### Stored data
● ● ● ●
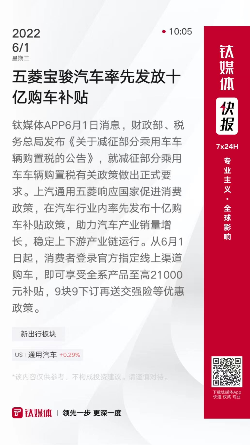五菱宝骏汽车率先发放十亿购车补贴
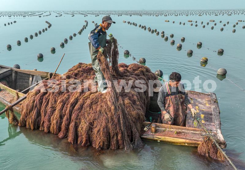 2023年8月18日,在山东省荣成市俚岛镇俚岛湾海洋牧场生态养殖区,养殖工人在收获龙须菜,海上生产一派繁忙景象。龙须菜又称江蓠,不仅是生产制作琼脂的原料,更是养殖鲍鱼的优质饲料。养殖户们利用海上作物的生长规律巧打“时间差”,实行龙须菜多茬化养殖,在收获完海带的养殖架上继续养殖龙须菜,避免了养殖水域的闲置,提高海上养殖的产出效益,促进当地养殖户的增收,是名副其实的“致富菜”。据悉,2023年荣成市的龙须菜预计年产量约为15万吨。
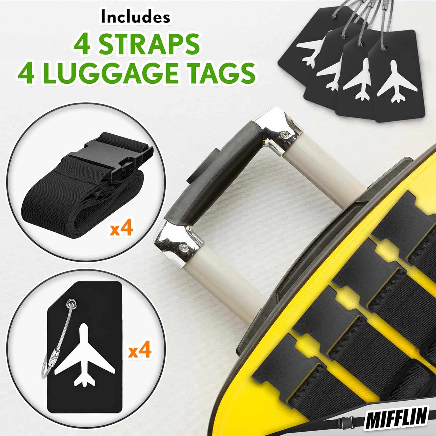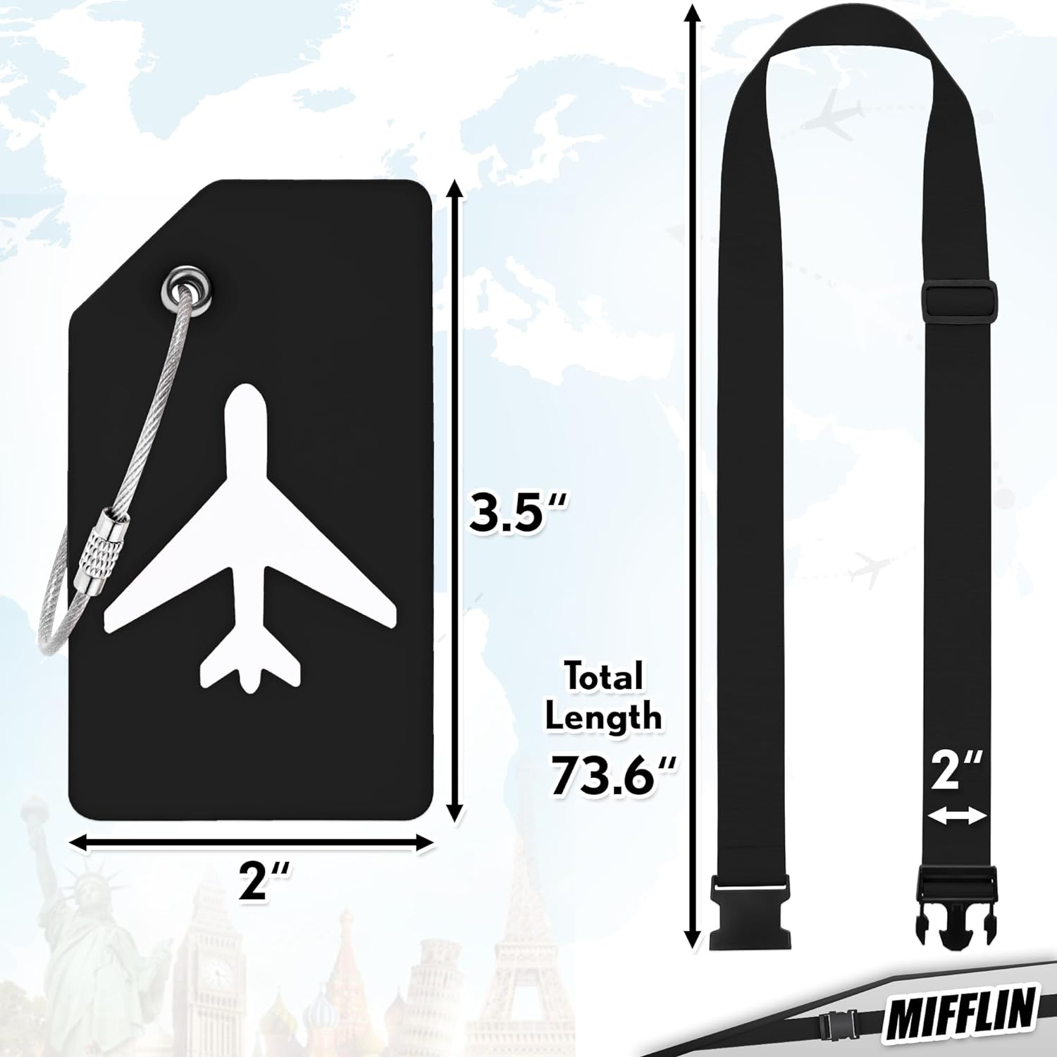 • INCLUDES – 4 Black nylon luggage straps & 4 Black silicone luggage tags
● ● ● ●
### What is expected
Would you set down each line of the listing above exactly, apart from the pictures?

### Written answer
五菱宝骏汽车率先发放十亿购车补贴
 2023年8月18日,在山东省荣成市俚岛镇俚岛湾海洋牧场生态养殖区,养殖工人在收获龙须菜,海上生产一派繁忙景象。龙须菜又称江蓠,不仅是生产制作琼脂的原料,更是养殖鲍鱼的优质饲料。养殖户们利用海上作物的生长规律巧打“时间差”,实行龙须菜多茬化养殖,在收获完海带的养殖架上继续养殖龙须菜,避免了养殖水域的闲置,提高海上养殖的产出效益,促进当地养殖户的增收,是名副其实的“致富菜”。据悉,2023年荣成市的龙须菜预计年产量约为15万吨。
 • INCLUDES – 4 Black nylon luggage straps & 4 Black silicone luggage tags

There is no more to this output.